A emergência do movimento queer não se deve apenas a questões políticas ou de teorização gay e lésbica. As condições de seu surgimento precisam ser vistas em um campo mais amplo do pós-estruturalismo, uma vez que a teoria queer pode vincular-se «às vertentes do pensamento ocidental contemporâneo» (Louro, 2008, p.40) que no século xx trataram de questões sobre o sujeito, a identidade e a identificação. As teorizações que questionaram a racionalidade e a construção discursiva das sexualidades, evidenciada por Foucault, tornam-se essenciais para a teoria queer. Por suas bases teóricas, os estudos queer apontam para o pós-estruturalismo, em uma perspectiva que almeja solapar os binarismos presentes na sociedade ocidental.

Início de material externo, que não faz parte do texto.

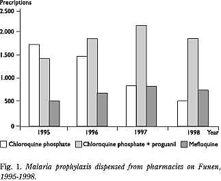 De tilgængelige data fra OPED-databasen og fra Fyns Amts Sundhedssekretariat fremgår af Fig. 1. Antallet af personer, der har fået udskrevet chloroquin alene, er faldet til fordel for en kombination af chloroquin og proguanil eller mefloquin. Malarone blev først introduceret til profylakse i 1998 og figurerer derfor ikke på opgørelsen. Chloroquin som eneste profylaktikum faldt fra 1995 til 1998 fra 47% til 17%. I samme tidsrum steg andelen af profylakse med chloroquin kombineret med proguanil fra 39% til 58%, og mefloquins andel fra 15% til 25%.
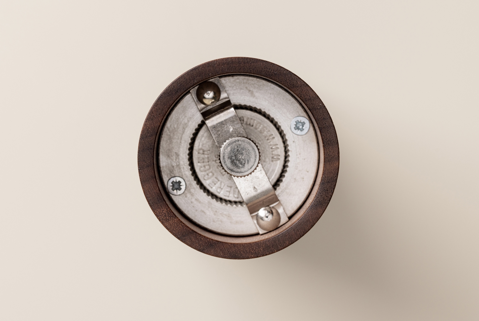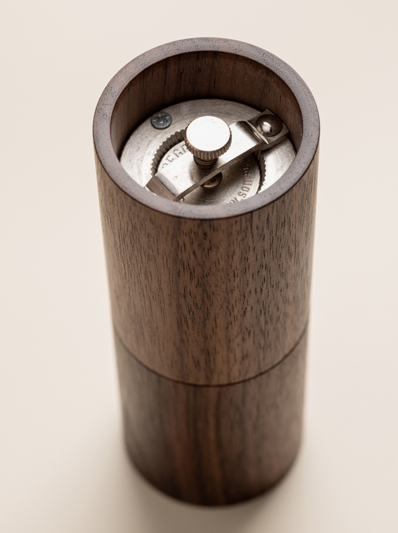 To care for your salt cellar and pepper mill, wipe them with a damp cloth followed by a dry cloth. Do not wash them with any cleansing agents and avoid using abrasive sponges, dishwashers or drying machines.
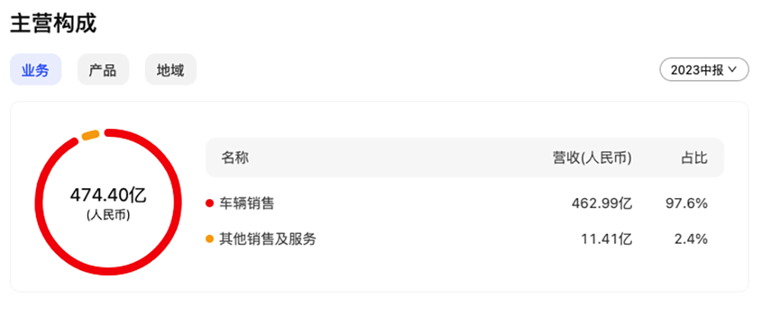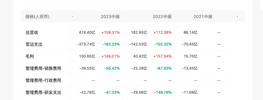 根据年报数据,理想汽车上半年同比总营收474.40亿元,同比增长159.31%,其中汽车销量占据97.6%的利润,而其他销售以及服务则是占据2.4%,后者也贡献出11.41亿元的收入。作为对比同事造车新势力的蔚来汽车总营收194.48亿元,小鹏汽车收入90.96亿元,遥遥领先于其他新势力品牌,也是理想有史以来最好的财报成绩,所以李想的狂真不是没有道理的,但也需要注意的是,理想汽车更多是通过高价格+不错销量达到的,营收较高是比较正常的现象。

Dessa forma, um processo desconstrutivo demonstraria a mútua relação e constituição dos opostos, questionando os processos que instituiu a heterossexualidade como norma e a concebeu como «natural». Os teóricos queer propõem uma política pós-identitária que teria como alvo não as vidas e o futuro dos homoafetivos, mas a crítica à oposição heterossexual/homossexual, que para eles constitui-se como a categoria central que direciona as práticas sociais, o conhecimento e as relações entre as pessoas.

Para tanto, devemos mudar as estratégias de análise e adotar uma perspectiva epistemológica que se volte «para a cultura, para as estruturas linguísticas e discursivas e para seus contextos institucionais» (Louro, 2008, p.60). Essa teoria não se preocupa tanto em tratar sobre a repressão da minoria homoafetiva, prende-se mais em analisar o par homossexualidade/heterossexualidade como um regime de poder e saber que controla os desejos e os comportamentos.

Pensar queer é questionar e contestar as formas de conhecimento e de identidades. Uma pedagogia e um currículo queer se preocupariam com o processo que produz as diferenças e focariam a instabilidade das identidades. Nesse processo, a diferença seria vista como constitutiva do sujeito e a atenção também se voltaria para os processos que geram as diferenças e o currículo não poderia isentar-se: não bastaria «contemplar» a pluralidade da sociedade, mas atentar-se para os conflitos que permeiam as posições ocupadas pelos sujeitos. Questionar-se-ia a polarização heterossexual/homossexual e analisando a sua dependência, desestabilizaria a noção da heterossexualidade como natural e superior. Os questionamentos da teoria queer não se restringem somente ao par hetero/homossexual, mas a todo e qualquer rótulo preestabelecido que restringe, segrega e oprime as diversas identidades culturais presentes em contextos adversos. O posicionamento queer é responsável por desestabilizar conceitos, normas e preceitos arraigados, enrijecidos, ao problematizar noções de identidade, raça, etnia, gênero e sexualidade, entre outras. É um modo diferente de pensar, de olhar o outro e a diferença que lhe é intrínseca.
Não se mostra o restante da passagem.